Saturday, June 24, 2006

On the World Cup

This has nothing to do with the Falcon Nation, but it has to do with sports, so I'm going to put it here. It has to do with the World Cup--and how our country's sports pundits react to it in their zeal to placate their audience.

I should begin by saying this. I am not a soccer fan. I have never watched even 10 seconds of an MLS game--it ranks even below the NBA on my scale. I could not name even one MLS player under an armed threat. I don't watch college soccer, I don't follow international soccer. My son doesn't play soccer.

I should continue by saying this. Soccer fans can be arrogant jerks. They need to stop preaching to people who don't like soccer--or, worse yet, telling them they don't understand the game. They need to stop telling people that its the world's most popular game. If they don't LIKE SOCCER, THEY DON'T LIKE SOCCER! OK? People are allowed to make their own minds up. Much of this is cultural anyway--and its not in our culture.

Not to let the hater off the hook, let me say two things. First, I actually heard a radio talk show host say he enjoyed the French Open, but couldn't watch World Cup soccer. Now, if you don't like soccer, you don't like soccer. But it defies any sense of consistency to speak favorably of clay court tennis, and then bash soccer. Its all or nothing on this one. Sorry.
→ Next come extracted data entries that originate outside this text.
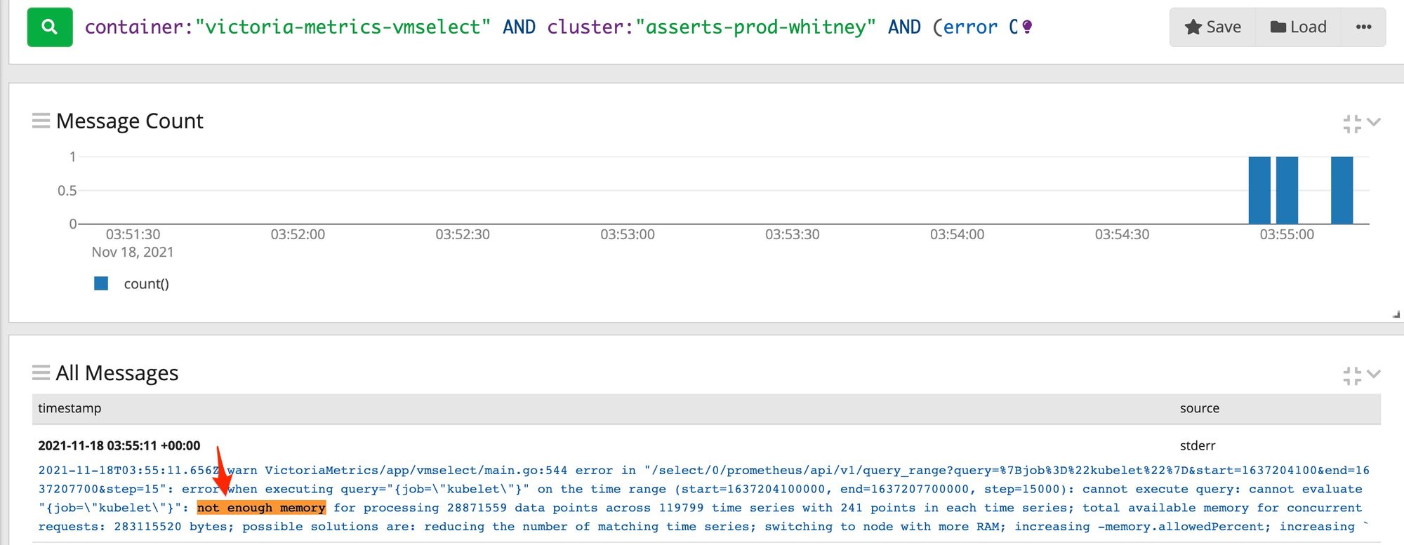 A glance at the logs launched from View Logs showed an error: vmselect ran out of memory while executing a query.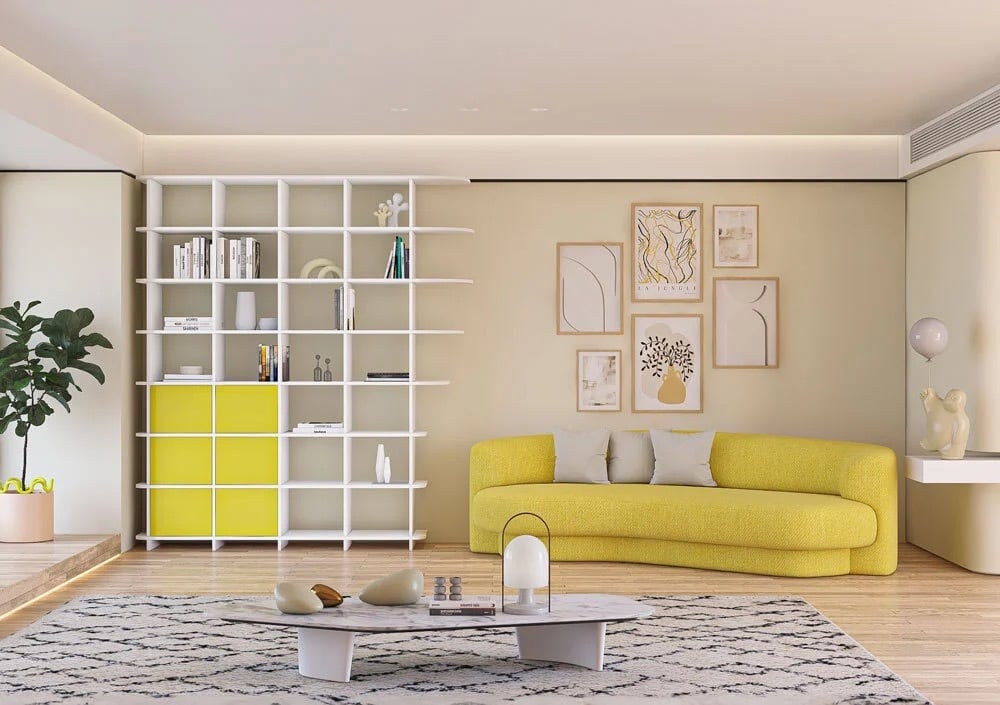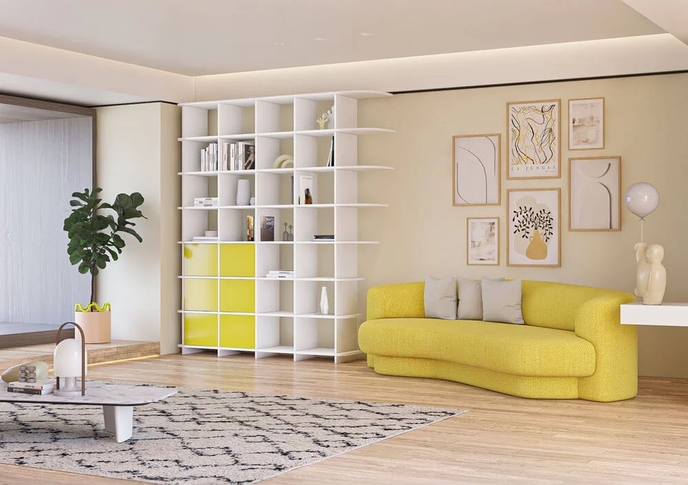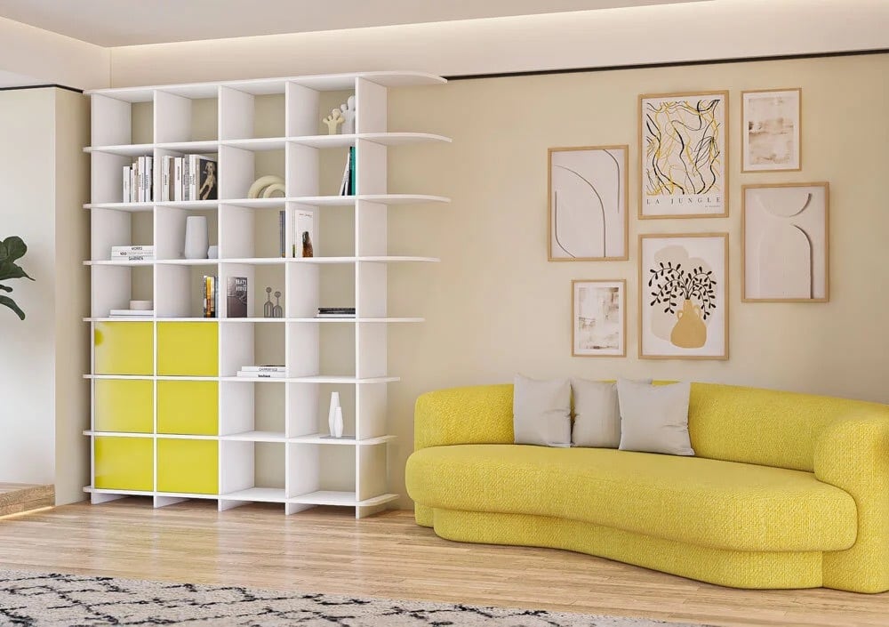 ガラのリビングルームキャビネットは、その雪のように白い見た目で印象的です。不規則に配置された開閉式の仕切りはリビングルームを緩めます。寸法(幅×高さ×幅)は120×200×30cmでカスタマイズ可能です。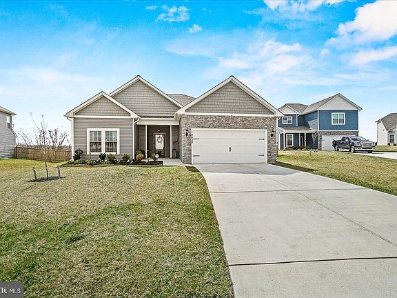 Welcome to your dream home at 10038 Roulette Dr in Hagerstown, MD. This meticulously designed 4-bedroom, 2-bathroom residence, built in 2022, is the perfect blend of rustic charm and modern sophistication. Offering 1,972 sqft of living space and an oversized 2-car garage, this home is ideal for those seeking both luxury and convenience. The heart of this home lies in its expansive open-concept living area, where custom touches like electric fireplace with built-ins, accent walls, and upgraded lighting create an inviting atmosphere. The spacious kitchen, complete with stainless steel appliances, granite countertops, and crown molding, will inspire your inner chef. Throughout the home, 2-inch custom faux wood blinds offer style and privacy. The main-level primary bedroom is your private sanctuary, featuring a spa-like bath with a soaker tub, step-in shower, and walk-in closet. Two additional bedrooms, a full bath, and a separate laundry room complete the first floor, while the fourth bedroom is perfect for guests or a home office. Step outside to the fully fenced backyard with a covered patio, perfect for entertaining or simply relaxing and enjoying the scenic mountain views. The premium lot extends 10 feet beyond the fence, offering ample outdoor space. Gather around the firepit and enjoy the beauty of nature right in your own backyard. This home is located in a private, serene setting but is still close to all the conveniences you need, including major highways, shopping, and dining options. With quick access to I-70 and I-81 to PA and WV, and just 30 minutes from Frederick and I-270 access to Washington, DC, this property offers the perfect balance of seclusion and accessibility.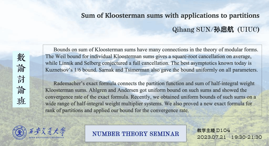 【数论短课程】 伊利诺伊制服做爱 厄巴纳香槟分校孙启航(2023.07.21)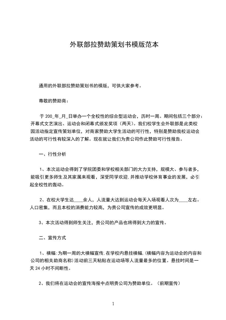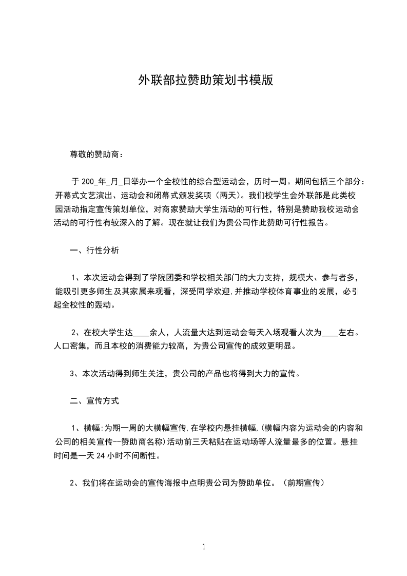 希望贵公司能慎重考虑我们的建议,给我们提出宝贵的意见.所有在校内的宣传活动由我们负责,公司可以派人监督.希望能和贵公司通力合作,共同搞好这次运动会,期望贵公司尽快回复.期待您的加入!合作愉快!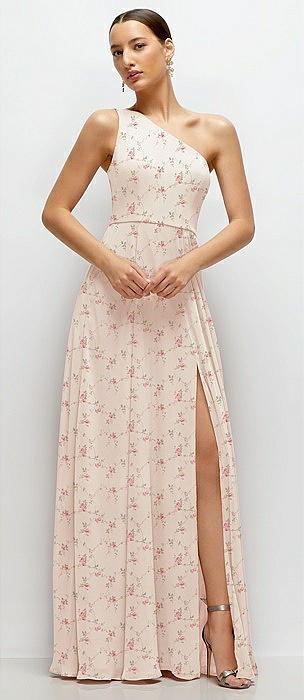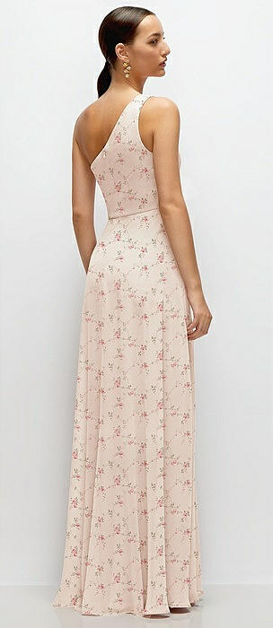 Chiffon One-Shoulder Maxi Dress with Circle Skirt in blush garden

Second, I have read numerous columnists say that one weakness for our US team is that it isn't in our culture to take a dive to draw a foul, and that hurts our chances. EXCUSE ME? Have you, by any chance, attended a college basketball game anytime, say, oh, ever, as players flop around left and right to draw charges? How about hockey? I used to watch a college referee who had a diving sign he used when a player took a header. Right. We're above that.

So, to recap. I am not a soccer fan, and you don't have to be either.

But I am a World Cup fan.

As a fan of sports--of competition, of athletics, it is hard to be any other way. This is simply the most captivating event in International competition. Its March Madness times about a billion.

I have been travelling in Europe twice during the World Cup, and it does help to have been in a place where people stop everything to watch the World Cup. You get a flavor of it that doesn't go away. There are some especially strong memories.

The strongest comes from Italy. In 1982 the Cup was in Spain, and Italy was playing in a semifinal game against Poland. We were staying at the Hotel Argentina, which is near Cortina in the Italian Alps. Stunning postcard beauty in a pastoral scene that could have been lifted out of a novel. As the game was preparing to start, all of a sudden, all over the area around the hotel came people walking from the hills, many of them little old ladies in support hose, dressed in brown housedresses.

What has happening? The people of the area where coming down to the Hotel to watch the game because they didn't have TV of their own. It was so "1932 Fireside Chat" that I could scarcely believe I was seeing it. Even the hotel's reception was bad...they kept sending a guy onto the roof to adjust the antenna. (That's right. The antenna.)

Italy won that game, and advanced to the finals against West Germany. (We also watched the unforgettable W. Germany-France semi final from the hotel).

Unfortunately, we were on a train to Barcelona the night of the final, but I will never forget that along our entire route, as we passed apartment buildings facing back to the tracks, you could see the green glow of the pitch emanating from every flat. Once we got to Barcelona we ran up against a little problem---try getting a cab on the night of the Cup Final.

From the Argentina, there was one more indelible image. After the victory over Poland, two children made Italian flags, and stood by the side of the lonely road waving them at the occasional traffic. And each car that passed responded with enthusiastic honking and cheering.

There are other images. In Austria, I was sitting in a Hotel lobby to watch the classic Italy-Brazil match. A German tourist walked to the door with a camera around his neck, right out of central casting. His wife was dragging him out to do tourist stuff, but I will never forget the look of longing and envy on his face as he walked away, leaving us to watch the big game.

But what about the soccer, you ask? It is entertaining. I think soccer shares characteristics with baseball...a game with many empty spaces to be filled in by an engaged and imaginative fan. But the World Cup makes it different because of the national identities involved. I said sports are cultural, and they are. We watch sports where we understand the context of the game--the myth, the background, the stories.

I don't know the mythology of Arsenal and Tottenham. But I do understand nationalities.

Candidly, the fact that this is a world event in which Ghana (and have it not be a shocker to boot) can beat the US is fascinating to me.

No, you don't have to like the World Cup. It is up to you. But it is a moment in sport that I can't turn away from.